Yesterday, the Royal College of General Practitioners published a survey saying that more than 70 per cent of respondents strongly agree, or agree, with proposals by some organisations and clinicians that this Bill be withdrawn. Seventy per cent said they did not wish to be on the board of a clinical commissioning group and a mere 4 per cent thought the reforms would lead to better care. It is also expected that a significant number of GPs who do not have the expertise, inclination or time will employ private companies to do the work, creating distance and adding to the financial drain.

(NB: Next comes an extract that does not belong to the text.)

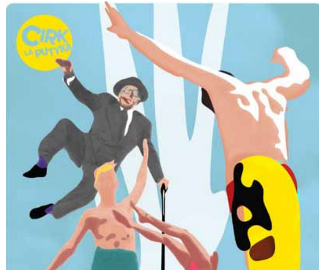
Hostem festivalu Divadelní piknik bude Cirk La Putyka s představením Splash.

Program Divadelního Pikniku bude velmi rozmanitý. Během devíti dní se představí třicetadvacet souborů. K vidění bude činohra i hudební produkce a součástí budou vzdělávací tematické semináře, výstava, autorské čtení, soutěže, divadelní dílny či divadelní průvod městem. Speciálním hostem festivalu je Cirk La Putyka s představením Splash. Přehlídka se bude odehrávat v městském divadle, v Divadle rozmanitosti, v ZUŠ F. L. Gassmanna a v parku Střed. Kompletní programovou nabídku najdete na www.piknikv-moste.cz . (nov)

This—despite what the Government would clearly like the public and us to believe—is the true picture of medical professional opinion. How many more, then, do we need?

A major reason why we find ourselves in this situation now is that the movement towards privatisation did not of course start with the present Government but has been proceeding by degrees over a long period of time; largely, it has to be said, unremarked upon by the public. In an article for the London Review of Books published on 22 September, James Meek says:

“The more closely one looks at what has happened over the last 25 years, the more clearly one can perceive a consistent programme for commercialising the NHS that is independent of party political platforms: a purposeful leviathan of ideas that powers on steadily beneath the surface bickering of the political cycle, never changing course”.

One contemporary challenge of the National Health Service is how a degree of patient choice can be accommodated within it without greater competition being understood as its necessary corollary. I say “degree” because I wonder how much patient choice as an ideal has in fact been overplayed. Yes, it is right that you should have the option of seeing a different doctor if you have a bad relationship with the one you have been seeing; yes, you should be able to have a second opinion; and yes, you should be able to visit a different hospital if you had a bad experience at the first. By and large, however, I believe that what a patient wants is appropriate care and the guidance to achieve that—something that can only happen, surely, in an NHS based on mutual trust and co-operation rather than competition. Indeed, the Coalition of Medical Specialty Societies says,

“For the overwhelming majority of our patients, having access to high quality and suitable care is more important than choice”.

Generally speaking, people do not want to travel across the country. A new article published in the Lancet by Alyson Pollock and others finds no evidence that patient choice saves lives. It noted that, given a multiple choice, patients choose the hospitals nearest to them.

When we had to rush our daughter to hospital with suspected meningitis a month after her early birth and just 48 hours after she had been allowed home, there was no choice involved. It was an instant snap judgment uninformed by outcomes, specialism or recommendations. We simply drove her to the nearest hospital, knowing instinctively that with acute care, time can be the most important factor in survival rate. However, if, through competition, the local hospital’s A&E department has been shut or the whole hospital closed, there is going to be no choice anyway.

To acknowledge the long-term creeping movement toward privatisation could make those who support a public NHS highly pessimistic, but because this is the biggest leap yet towards full-scale privatisation, we are nevertheless at a crossroads where this trend could still be stopped in its tracks and even reversed, where we still have a chance to say “enough is enough”. This is why I support first and foremost the amendment tabled by the noble Lord, Lord Rea. This is the NHS privatisation Bill. The public understand it as such and we should call it by that name and reject it.